Sounds great, but what does it mean?

For a growing number of rank-and-file workers in corporate America, sorting through the elements of a benefits package entails puzzling out how to play the stock options game. Primarily reserved in previous years for top executives and workers at cash-poor technology start-ups, stock options are filtering down to the cubicles, factory floors and fast-food outlets of America.

About 10% of Fortune 500 corporations grant so-called broad-based options to all or most of their workers, according to Hewitt Associates, a benefits consulting firm based in Lincolnshire, Ill. Among the proponents are AirTouch Communications, Apple Computer, General Mills, McDonald's, Rubbermaid, Wal-Mart Stores, pharmaceutical giant Pfizer, Pepsico and Times Mirror Co., publisher of the Los Angeles Times.

Company boards of directors "are trying to drive the idea of having employees think like owners," said Donald L. Fisher, a vice president at Compensation Resource Group, a Pasadena firm that advises companies on pay packages. "There's a general move away from using base salary as a motivating device."

Employee stock option programs can take a variety of forms. The simplest plan grants workers a given number of shares if they remain at the company for a specified period. The option price is usually set at the time of the grant. Employees get to pocket whatever gain stacks up in the meantime.

Here's an example: A 10-year, 25-share option granted in 1995, when the share price was $10, would enable an employee to buy 25 shares for $10 each if he or she is still with the company in 2005. If, by then, the price is $30, the employee's gain is $20 a share, or $500.

About half the existing broad-based options programs have been instituted since 1994. Their implementation follows a tumultuous period of corporate consolidation and layoffs that left many employees feeling they were working harder for less reward.

Indeed, although chief executives' pay has soared--fueled largely by their own lucrative option grants and a bullish mood on Wall Street--workers for years have experienced skimpy annual pay gains. Shareholders, meanwhile, have reaped historic gains--an astonishing 17% a year since the early 1980s--as the stock market has lofted into record territory.

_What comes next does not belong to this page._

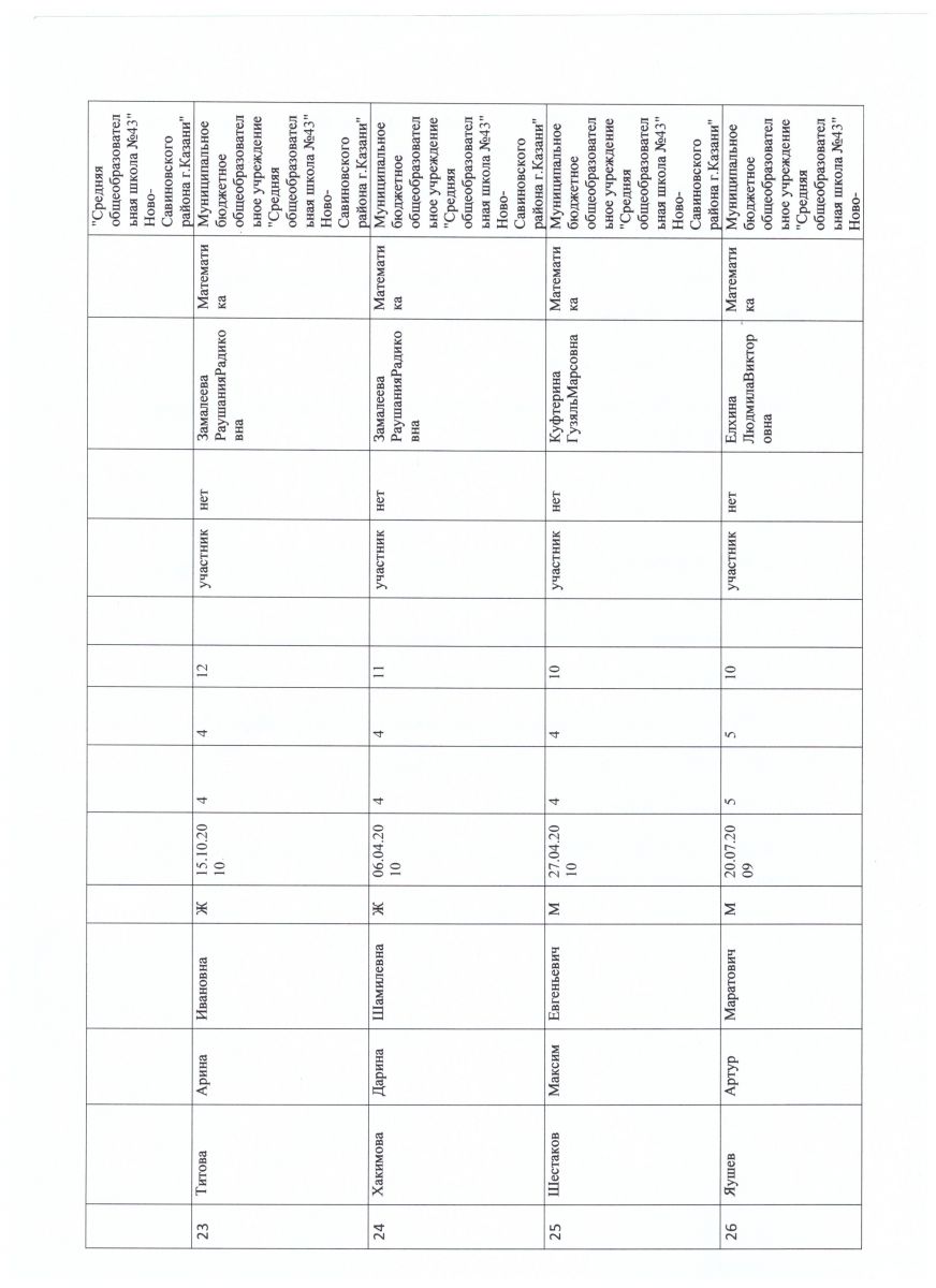 Математика Итоговый протокол

Companies have come in for harsh criticism in recent years for their focus on maximizing shareholder return at the expense of other corporate constituents such as employees and communities.

Granting stock options to a large number of employees has been viewed as one way companies can allow workers to share the gain as well as the pain. Some companies grant options on a one-time basis, with no guarantee that such a gesture will be repeated. Others offer them fairly regularly--perhaps every three or four years.

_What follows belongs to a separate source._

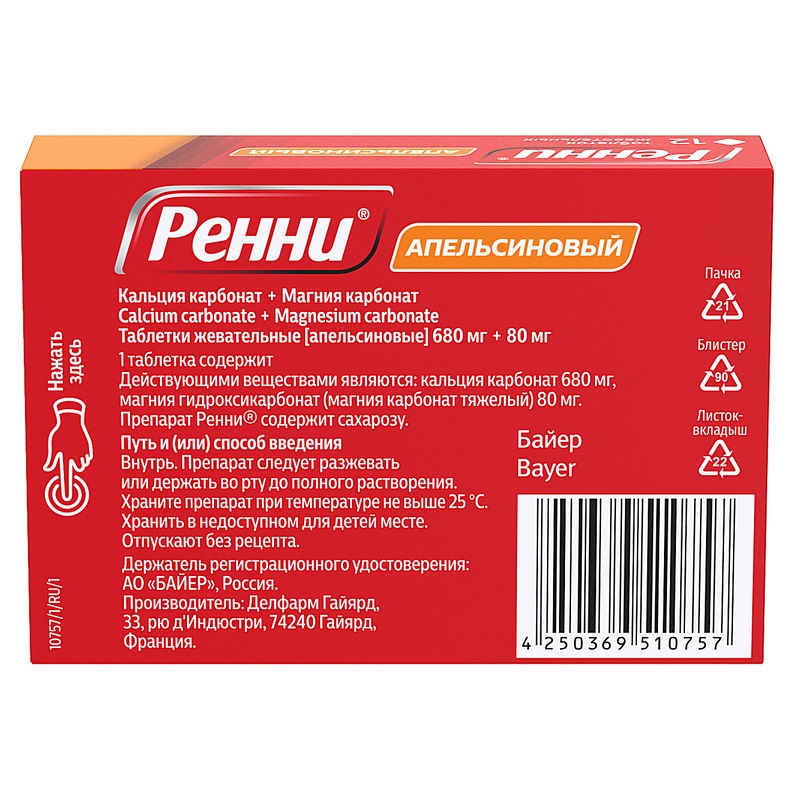 В 1 таблетке препарата Ренни® содержится 475 мг сахарозы, что нужно учитывать, если у вас непереносимость некоторых сахаров.

Pepsico, which owns the Taco Bell, Pizza Hut and KFC restaurant chains, annually gives all full-time workers options worth 10% of their previous year's salaries. At companies such as these, which depend heavily on cheerful interactions with customers, options can help workers understand the connection between their performance and the company's performance. The program has helped reduce employee turnover, a serious problem in the restaurant industry.

There are plenty of caveats, however.

Poor stock performance can render the options effectively worthless, making workers feel sold out. Also, if a company grows too large, employees can lose sight of the connection between what they do and how well the stock performs.

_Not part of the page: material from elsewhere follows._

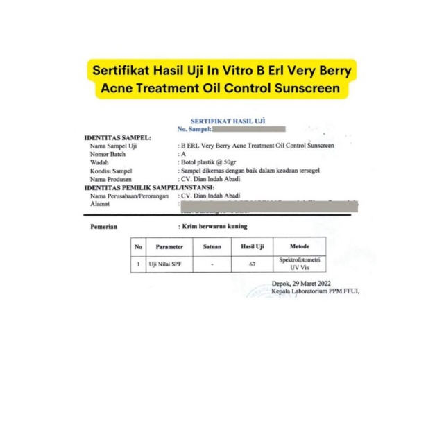 B Erl Sunscreen Oil Control Tabir Surya Berl Cosmetics

When it comes to making options plans understandable for the average worker, communication from above is vital. "It takes a lot of work," said Robin Ferracone, senior vice president of SCA Consulting (formerly Strategic Compensation Associates), a Los Angeles firm. "You have to really educate people."

At the moment, she noted, "there's a huge bandwagon effect" as companies flock to these plans.

But some pioneers are taking another tack. Houston-based Compaq Computer Corp., which used broad-based options through 1991, found that employees tended to treat them as additional cash compensation rather than hold on to the options or use the proceeds to buy shares. That, in turn, tended to depress the value of company shares, as employees cashed in their options, putting more shares on the market. The all-employee option plan was scrapped in favor of a profit-sharing program.